# To do:
Below this line is a listing that includes pictures. Copy exactly, and only, the lines from the one containing "Opportunity awaits! This" through the one containing "Программист усердно тестирует"; the pictures do not go in the copy.

# Given material:
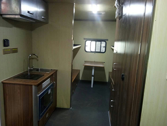 東風(fēng)大型四驅(qū)越野房車滿足更多路況復(fù)雜環(huán)境使用,廂體內(nèi)裝有豪華折疊床、液晶電視、儲(chǔ)物柜、應(yīng)急燈、頂燈、頂置空調(diào)、床墊、被褥、燃油加熱器、頂護(hù)欄、爬梯、隱藏抽拉梯、專用房車門、中空玻璃、戶外燈。由保溫廂體、空氣調(diào)節(jié)系統(tǒng)、宿營(yíng)設(shè)施、影音系統(tǒng)、電氣系統(tǒng)、通風(fēng)換氣系統(tǒng)、洗漱和衛(wèi)生設(shè)施。整個(gè)廂體分為三個(gè)部分,住宿區(qū)、洗漱區(qū)、餐飲區(qū)。住宿區(qū)包括四個(gè)上下鋪,床頭燈,液晶電視,空調(diào)等。洗浴區(qū)包括臉臺(tái),衛(wèi)生間,熱水器等。餐飲區(qū)包括無煙灶臺(tái),可活動(dòng)餐桌,洗菜盆等。也可以根據(jù)用戶的需要設(shè)計(jì),可增加會(huì)議室,辦公區(qū)等。東風(fēng)大型四驅(qū)越野房車內(nèi)飾圖片:
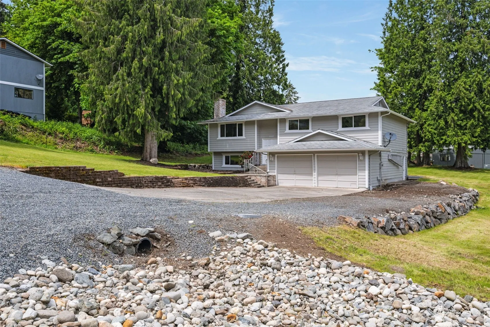 Opportunity awaits! This spacious 3 bedroom home is ready for your touch. Bring your dream home to life! Brand new exterior paint, carpet and freshly landscaped double-sized half acre lot w/ RV parking. Large living room with beautiful fireplace. Sizeable bedrooms and bathrooms. Primary is complete w/ en-suite. Downstairs you’ll find a great bonus room with living space and a wet bar ready to be revamped for you to enjoy. Ample storage space connected to your 2 car garage. Conveniently located near schools, shops, and Hwy access. Don’t miss this one!
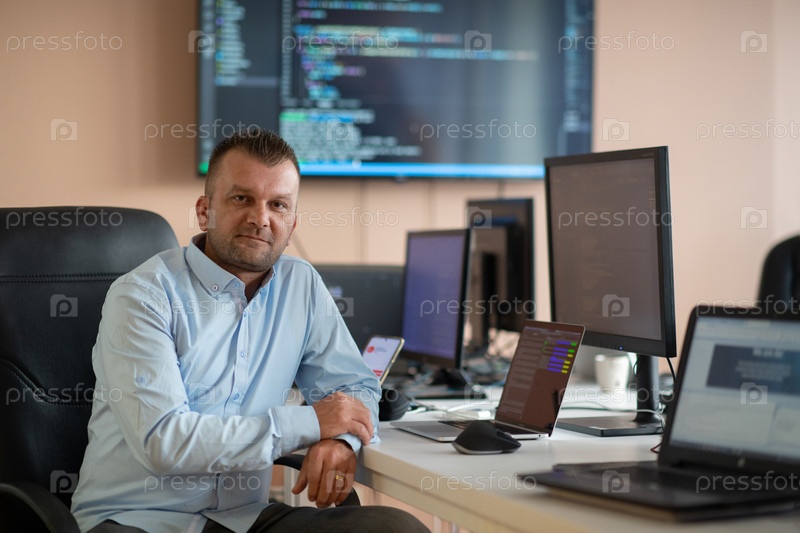 Программист усердно тестирует приложения для смартфонов, сидя в своем офисе
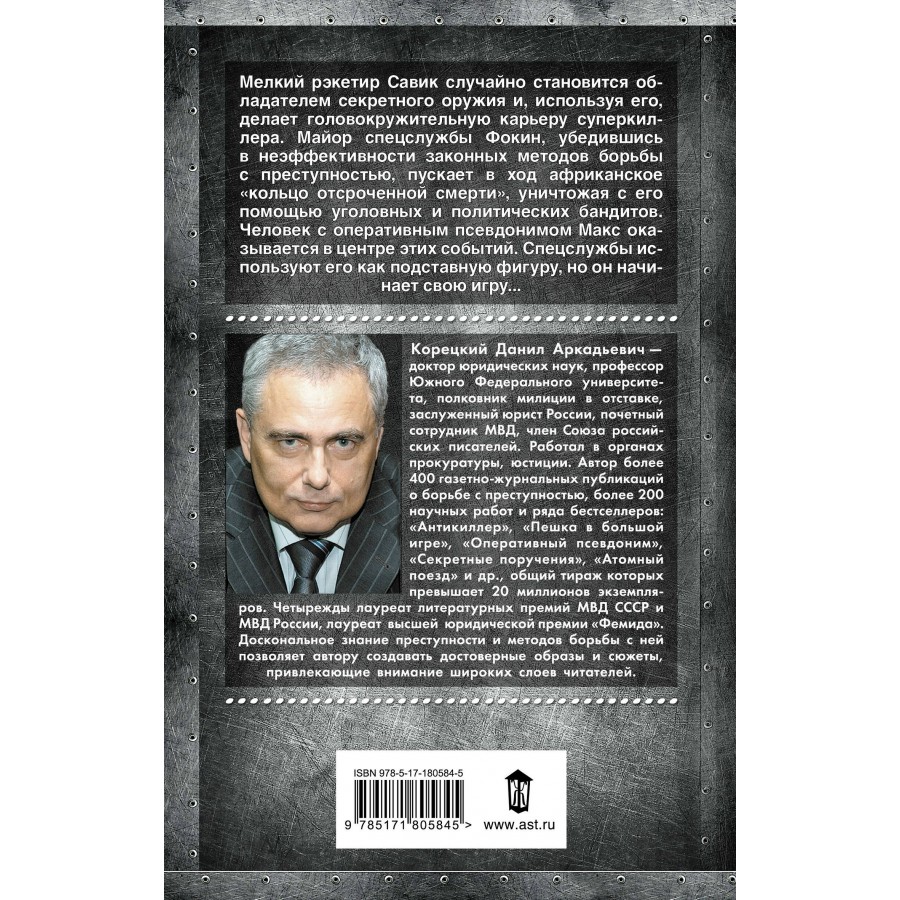 Мелкий рэкетир Савик случайно становится обладателем секретного оружия для тайных убийств и, используя его, делает головокружительную карьеру суперкиллера. Майор спецслужбы Фокин, убедившись в неэффективности законных методов борьбы с преступностью, пускает в ход вещественное доказательство ~- африканское "кольцо отсроченной смерти", уничтожая с его помощью уголовных и политических бандитов. В центре событий знакомый читателям по роману "Оперативный псевдоним" Макс Карданов, который используется спецслужбами как подставная фигура, но неожиданно начинает самостоятельную игру, перехитрив в конечном счете своих хозяев. Он успешно выполняет особые задания, противостоит бандитам, ищет бриллианты на огромную сумму и пытается выяснить тайну своего настоящего имени.

# Exercise output:
 Opportunity awaits! This spacious 3 bedroom home is ready for your touch. Bring your dream home to life! Brand new exterior paint, carpet and freshly landscaped double-sized half acre lot w/ RV parking. Large living room with beautiful fireplace. Sizeable bedrooms and bathrooms. Primary is complete w/ en-suite. Downstairs you’ll find a great bonus room with living space and a wet bar ready to be revamped for you to enjoy. Ample storage space connected to your 2 car garage. Conveniently located near schools, shops, and Hwy access. Don’t miss this one!
 Программист усердно тестирует приложения для смартфонов, сидя в своем офисе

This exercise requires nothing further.